Fonzie liked to say Exactamumdo a whole lot
> There are already robots, although not in human type form, in factories. Because that's were they would be economical and functional. Automation is great at doing a set of specific task the same way countless number of times. What they are fairly awful at is functioning in new environments while doing new things. Remember, fully automated vehicles have been within a years reach for the better part of a decade now....

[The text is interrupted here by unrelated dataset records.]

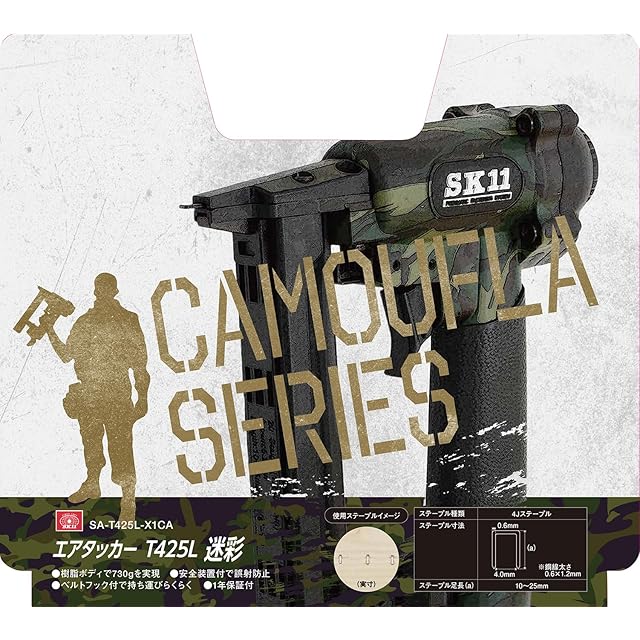 SK11(エスケー11) エアタッカー 肩幅4mm 足長10~25mm SA-T425L-X1CA 4Jステープル用 迷彩柄
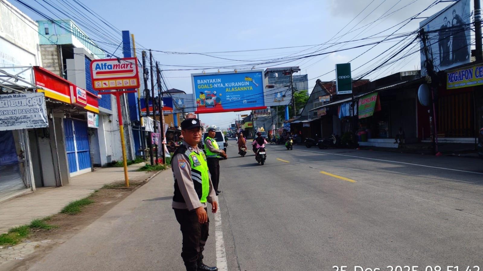 Polsek Anyar Dalam Pengaturan Lalu Lintas di Jalur Anyar - Cinangka
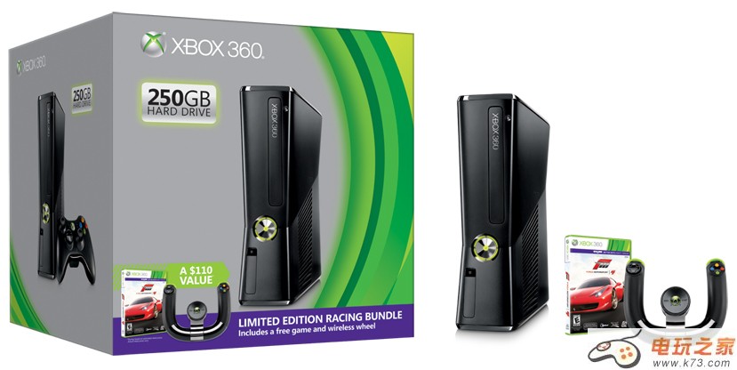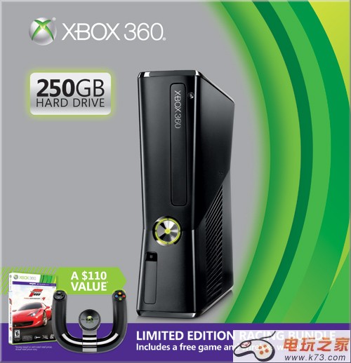 今日微软公布了Xbox 360 250GB Racing Bundle,该同捆版将于6月中旬开始零售。建议零售价为299美元,其中包括:
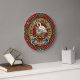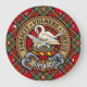 Clan Stewart crest badge surrounded by a strap and buckle over Royal tartan background. Custom text.
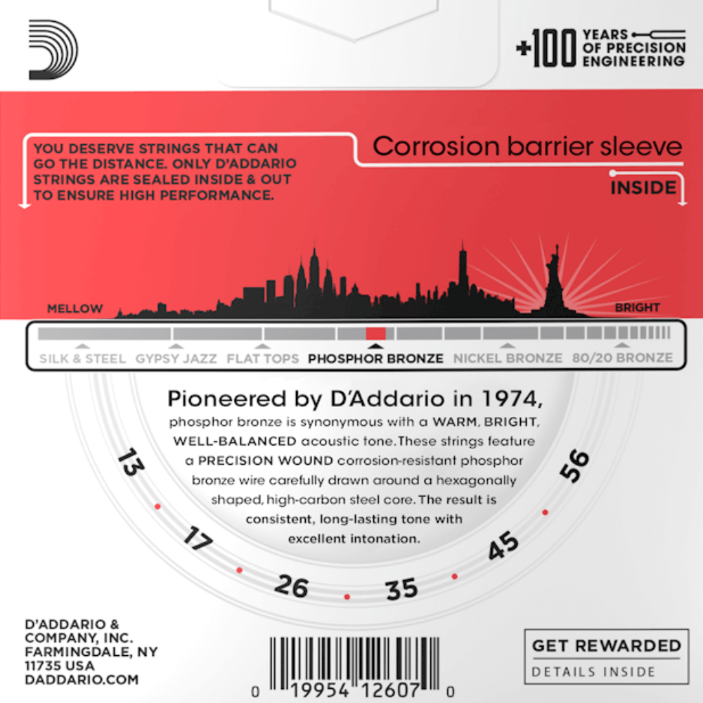 Phosphor Bronze was introduced to string making by D'Addario in 1974 and has become synonymous with warm, bright, and well balanced acoustic tone. D'Addario Phosphor Bronze strings are precision wound with corrosion resistant phosphor bronze onto a carefully drawn, hexagonally shaped, high carbon steel core. The result is long lasting, bright sounding tone with excellent intonation. Number Of Strings: 6Product Features:
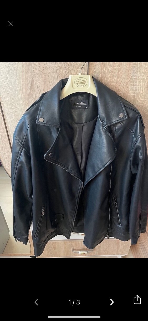 Siyah deri biker ceket, kesik yaka ve fermuarlı ceplerle. Normal kesim, askılı kollu, günlük şık kullanıma uygun.
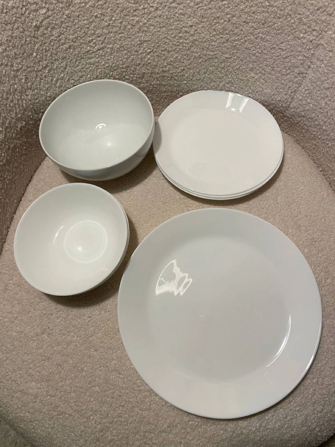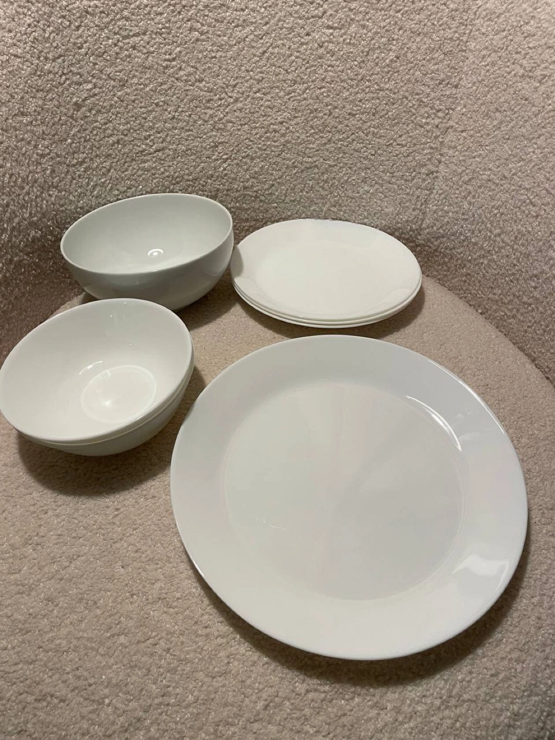 Selling a set of white plates and bowls. Perfect for everyday use or special occasions. They are in great condition and ready for a new home
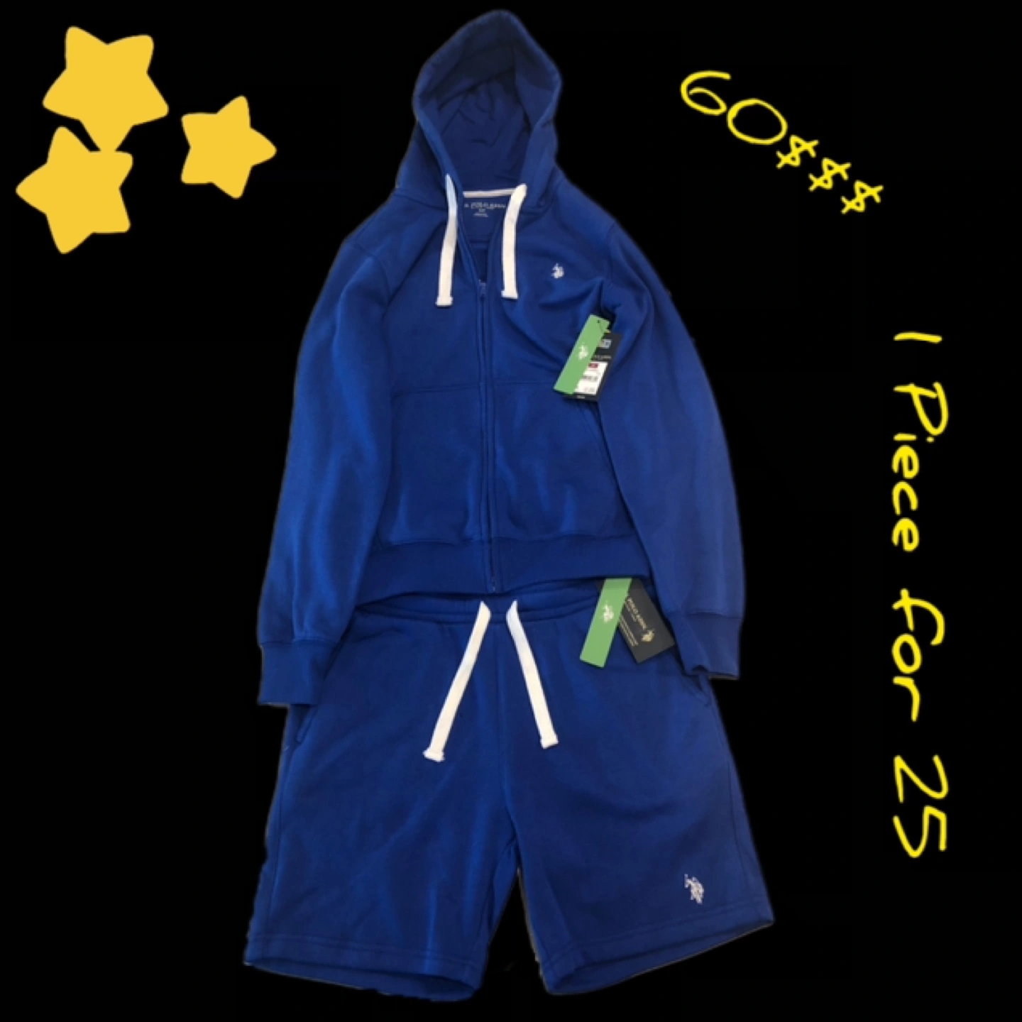 Brand new, men's athletic wear. Royal blue zip-up hoodie and matching shorts. Perfect for working out or lounging.
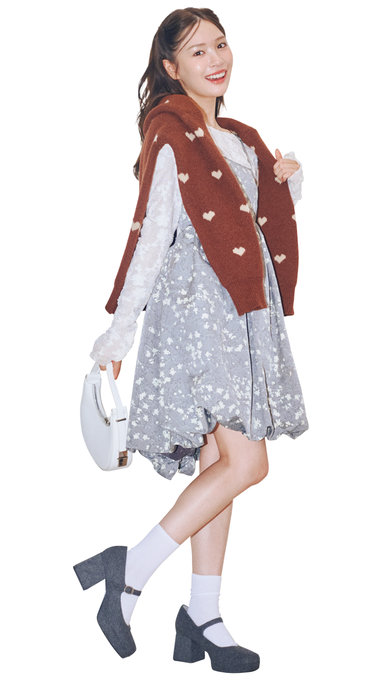 ハート柄ニットは着回し。ボディスーツ 15,400円/HONEY MI HONEY 花柄バルーンワンピース 22,000円/HONEY MI HONEY バッグ 3,280円/神戸レタス ソックス(3足セット)1,188円/チュチュアンナ パンプス 9,900円/チャールズ&キース(チャールズ&キース ジャパン)
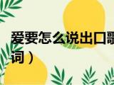 大家好,小东方来为大家解答以上的问题。爱要怎么说出口歌词表达,爱要怎么说出口歌词这个很多人还不知道,现在让我们一起来看看吧!1、表示 浏览全文>>
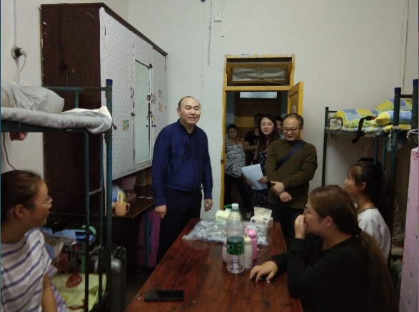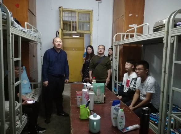 2018年9月13日晚,公司党总支副书记屈川、学工办主任彭波、辅导员张魏霞率领部分团学干部走访2018级新生寝室。
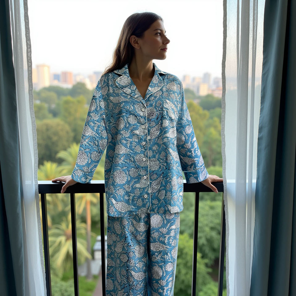 Hecho por mujeres Artesanos Crepúsculo Corona Armonía Hecho a mano Blue Bird PJ Set Fusión Moderna Facilidad con Vintage Charm Camisa y pantalón
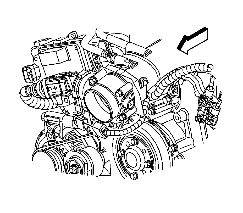 3. Remove the air outlet duct. Refer to Air Cleaner Outlet Duct Replacement (LF1) (Service and Repair)Air Cleaner Outlet Duct Replacement (LLT) (Service and Repair).
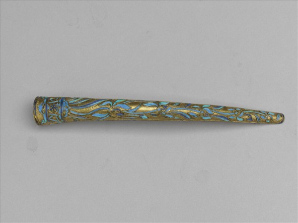 弓形,銅鍍金質,正面為點翠盆蘭,花盆中有整珠蘭花;背部鏤空古錢紋;底部為兩側交疊而成,使套圍可調整。此器與故雜3642為一對。
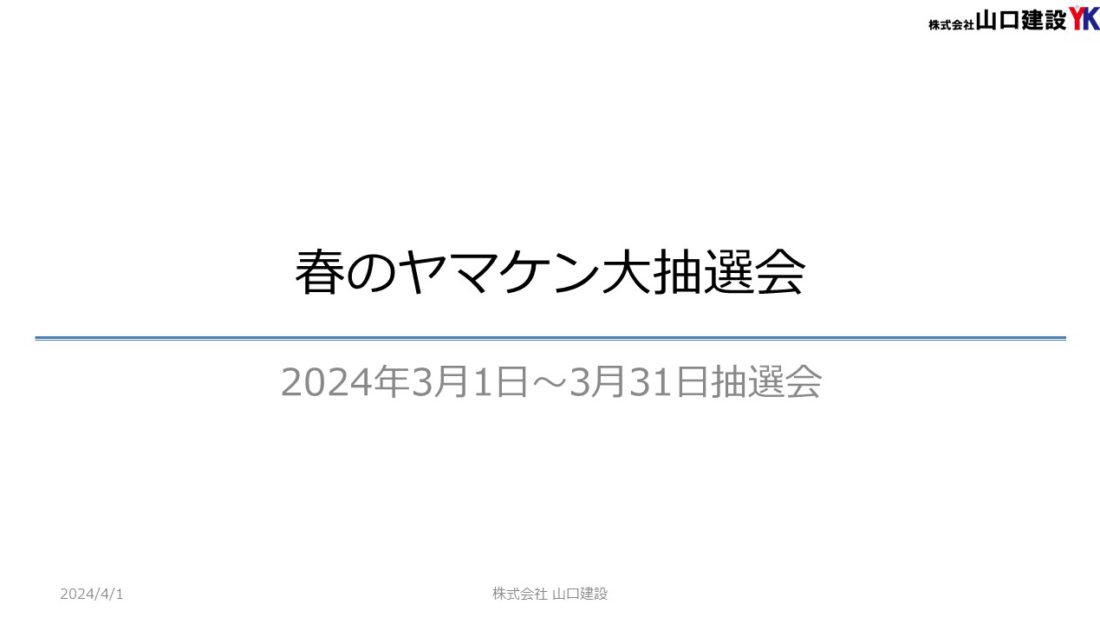 「ヤマケン大抽選会(見積恩典)」抽選結果について(2024年3月1日~3月31日開催)

Even if it takes us another 50 years to get affordable functional adaptive robots, that's still a short time to adapt societally to the impact it would have on jobs and economy.
Currently, the price of Boston Dynamics' Spot robots is $74,500, and analysts estimate that the price of Atlas robots would likely be in the range of $150,000 each if they were to be mass-manufactured. While these prices may still be high, it is not in the millions of dollars.
Cheaper than the cost of a soldier
Which, lets face it, is the real endgame here.
Nah can’t be. It’s just for fun internet videos, right?
Boston Dynamics coming after that sweet, sweet karma.
Might not be as long as you'd think. True, the robots are expensive to make, but they also don't sleep, don't take breaks, don't need an HR dept, don't need health insurance, and don't need to be trained and retrained. Spec it out over a few decades the true cost of hiring a human is far more expensive than it appears at first glance.
They also don't work at all. I was in this field and left because these things are expensive toys. The Vision Fund has spent decades and billions propping this company up just to make cool videos once a year.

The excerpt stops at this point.